Strategies for reducing false positives:
Tune rules to your environment: Default rulesets are designed for broad applicability, not your specific workloads. Customize rules to exclude known-good behaviors:
# Falco: Add exception for legitimate behavior
- list: known_shell_spawn_containers
items: [debug-tools, admin-container]
- macro: user_known_shell_spawn
condition: container.image.repository in (known_shell_spawn_containers)
Use graduated severity: Not every anomaly warrants immediate response. Configure severity levels that match your response capacity:
- Critical: Immediate automated response (container kill, network isolation)
- High: Alert to on-call with 15-minute response expectation
- Medium: Queue for analyst review during business hours
- Low: Log for trend analysis and baseline refinement
Establish learning periods: When deploying new applications or updating rules, run in learning mode before alerting:
# Falco: Log all alerts without action during learning
falco -o output.stdout.enabled=true -o output.alert.enabled=false
Leverage container context: Containers should behave predictably. Use image labels, namespace, and deployment metadata to apply appropriate rule sets:
# Different policies for different workloads
- rule: Shell in Production Container
condition: shell_procs and container and k8s.ns.name = "production"
priority: CRITICAL
- rule: Shell in Development Container
condition: shell_procs and container and k8s.ns.name = "development"
priority: INFO
Measure and iterate: Track false positive rates by rule. Rules generating many false positives with few true positives should be tuned or disabled. Rules generating true positives should be preserved and potentially tightened.

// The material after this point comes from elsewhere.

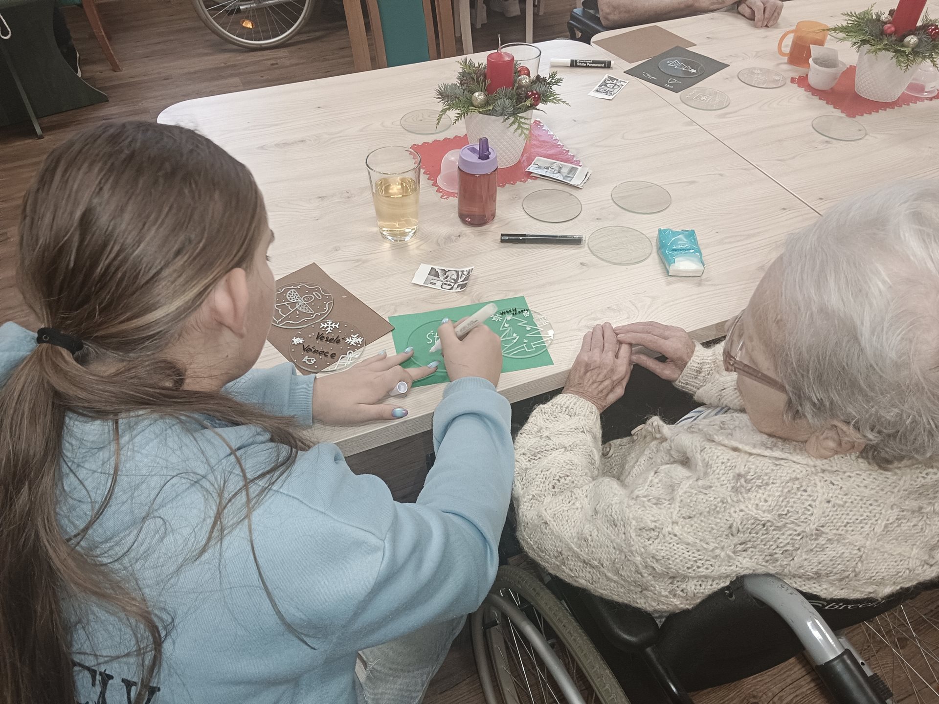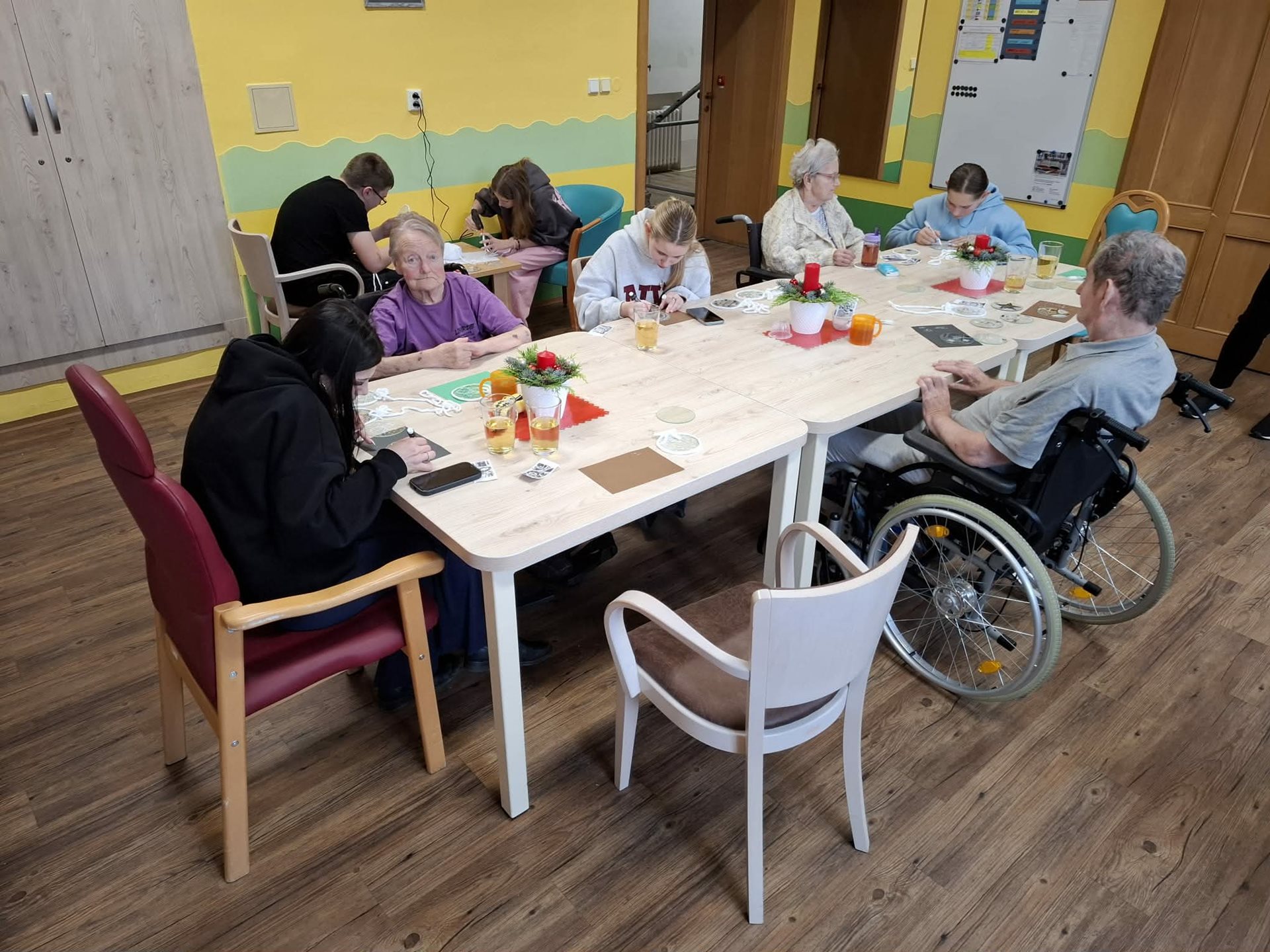 Setkání bylo plné sdílení, povídání i vzájemné pomoci – děti přinesly radost, energii a nápady, senioři zase trpělivost, zkušenosti a klid. Společná tvorba podpořila jemnou motoriku, kreativitu i sociální kontakt, a především vytvořila velmi příjemnou sváteční atmosféru.

The goal is not zero false positives, but rather a false positive rate low enough that every alert gets investigated. Balance sensitivity with operational capacity to ensure alerts receive appropriate attention.
We recommend starting with a small, high-confidence rule set and expanding based on operational capacity. A team that can investigate ten alerts per day should not deploy rules that generate fifty. Runtime security is an ongoing operational commitment, not a deploy-and-forget capability.